Since there are other, better documented packages out there such as SHTOOLS, development of new features is somewhat on hold. This software came out of a class project twenty years ago, so the coding is not very elegant. However, everything is expected to work and should be helpful in dealing with, for example, the spherical harmonic models of the Becker and Boschi (G-Cubed, 2002) compilation.
Should you have problems with the compile, the UGESCE VirtualBox distribution at
http://www-udc.ig.utexas.edu/external/becker/ugesce.html
also has shansyn installed.
NUMERICAL ACCURACY, EFFICIENCY, AND ROBUSTNESS
A) spherical harmonic analysis: shana can use simplex integration, and Gaussian integration, but not inverse FFT for longitudes (no reason).
If you want to determine coefficients by least squares, shana can produce the A matrix for |Ax-y| -> 0, rudimentary matrix inversion is now built in.

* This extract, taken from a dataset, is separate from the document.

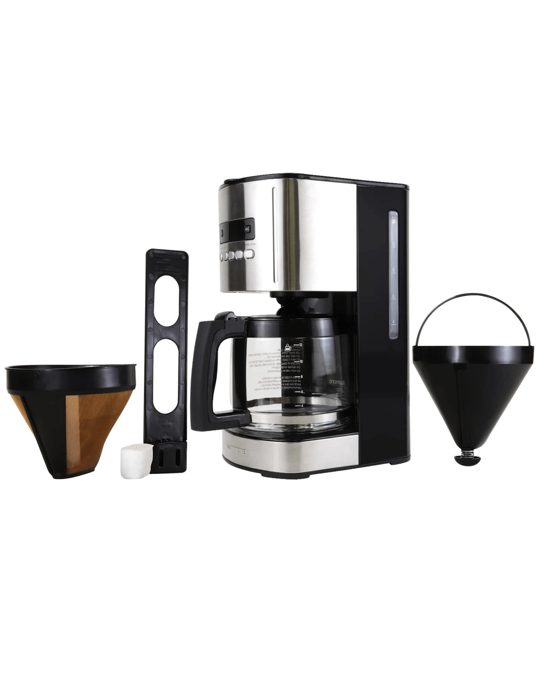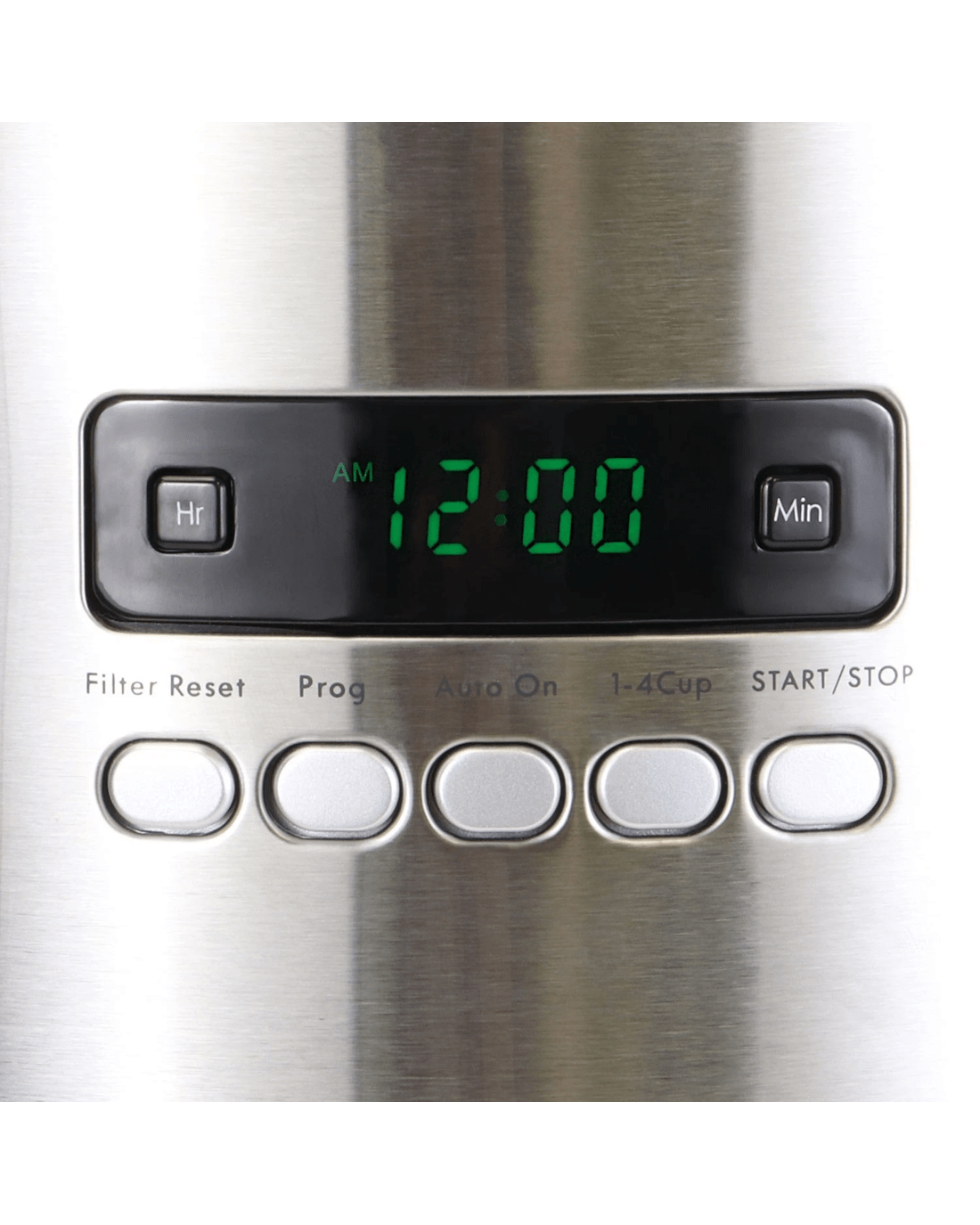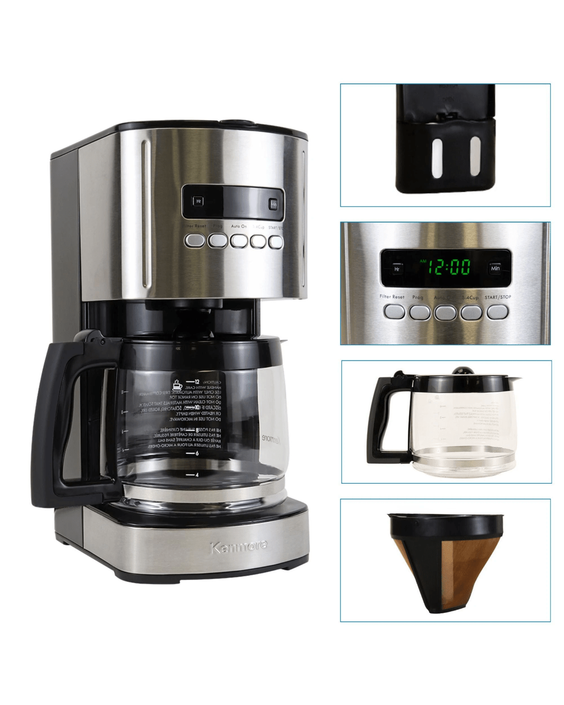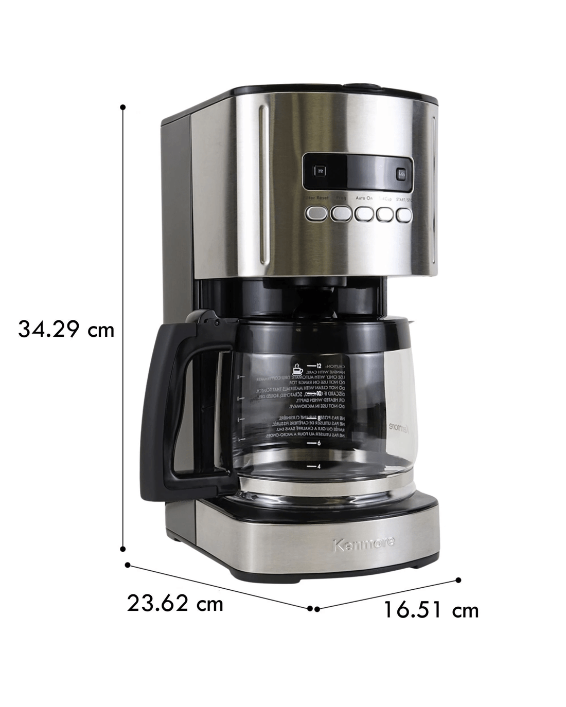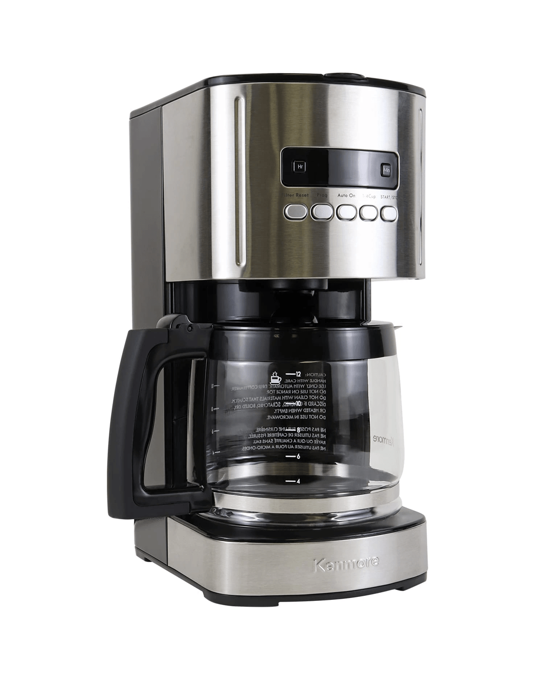 There's nothing better in the world than that first sip of coffee in the morning, and with this programmable 12 cup coffee maker you won't have to wait. Program the brewer the night before and wake up to the delicious aroma of perfectly brewed coffee or make a fresh, hot pot with the push of a button. The dishwasher-safe glass carafe holds up to 12 cups of brewed coffee and a non-stick warming plate keeps it hot and flavorful for hours. The attractive stainless steel profile with four color options will complement any decor and the narrow profile means more countertop space. With a charcoal filter to remove impurities from the water before brewing and state-of-the-art "aroma control" brewing technology that steeps the grounds before releasing the coffee into the carafe, you'll definitely be waking up on the right side of the bed from now on. Best of all, kenmore products are covered by a 2-year limited warranty for your peace of mind. This product features an Australian rated plug. It is compatible with 220-240 VAC.
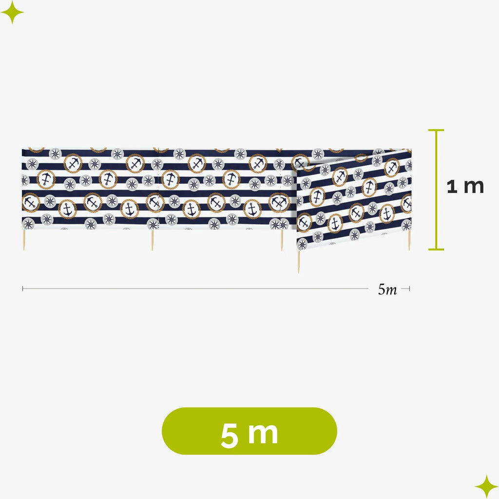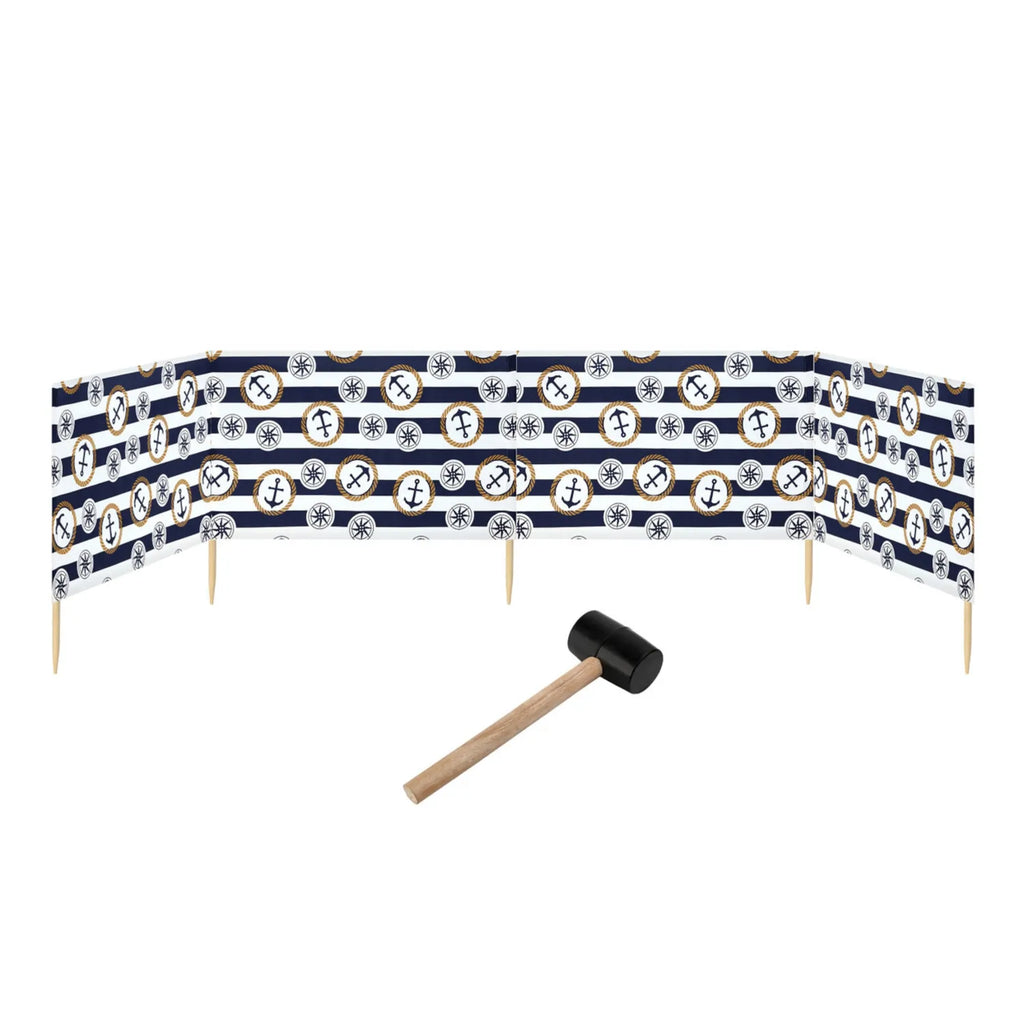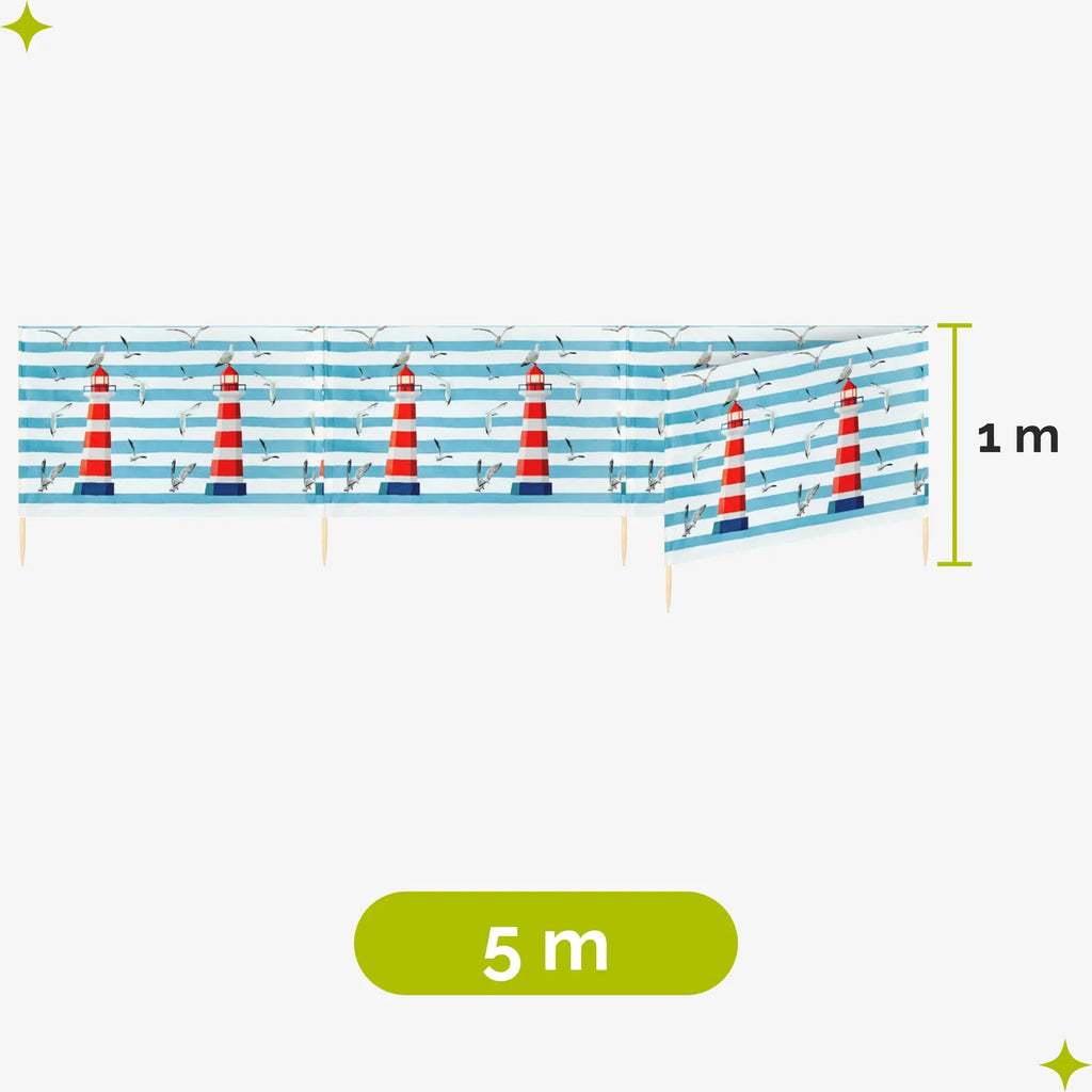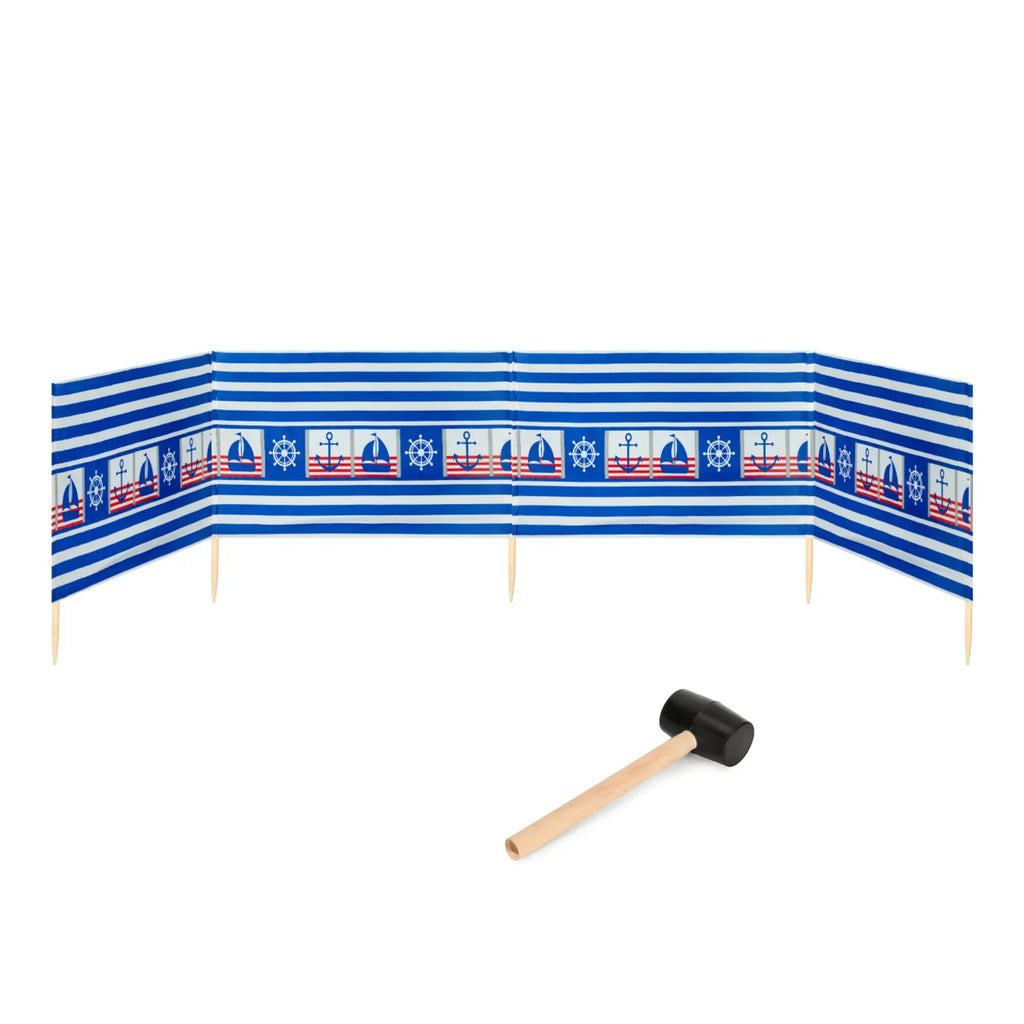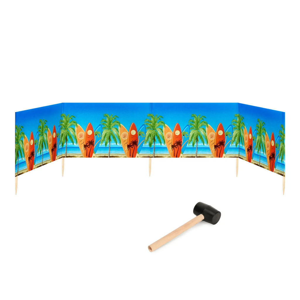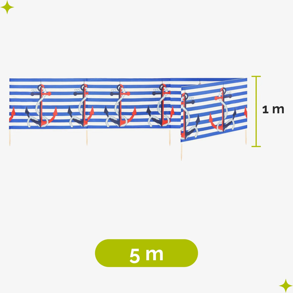 Strand Windschutz. Paravent. Unentbehrlich für jeden Strandgänger. Beim Kauf des Windschutzes erhalten Sie einen Gummihammer dazu, mit dem der Wundschutz unkompliziert im Boden befestigt werden kann. Der Strandwindschutz wurde aus starkem Material hergestellt, das auf soliden Holzstöcken angebracht wurde. Der Paravent gibt Schutz vor Wind und Sand am Strand. Außerdem ist der Paravent ein ideales Mittel, um sich ein wenig Privatsphäre am Strand zu sichern. Er schützt sehr gut vor neugierigen Blicken. Ungefähre Maße: Länge: 5 Meter; Höhe 77 cm Anzahl der Kieferstöcke: 5 Länge der Stöcke (gänzliche Höhe des Paravents): 1m Das Material des Paravents rutscht nicht von den Stöcken, da es entlang des oberen Randes vernäht wurde. Die Stöcke fallen nicht aus dem Materialtunnel, da sie mit Hilfe von Klammern befestigt wurden. Unten wurden die Stöcke gespitzt, was beim Einstecken in den Sand hilfreich ist.

B) spherical harmonic synthesis: shsyn can use efficient inverse FFT, and simple summation.
Most programs tell the user what they do when they are invoked with the '-h' option and most routines are fairly thoroughly tested to work up to very high (~>300) degrees. However, you might still get confusing and/or erroneous results due to inappropriate usage or programming errors.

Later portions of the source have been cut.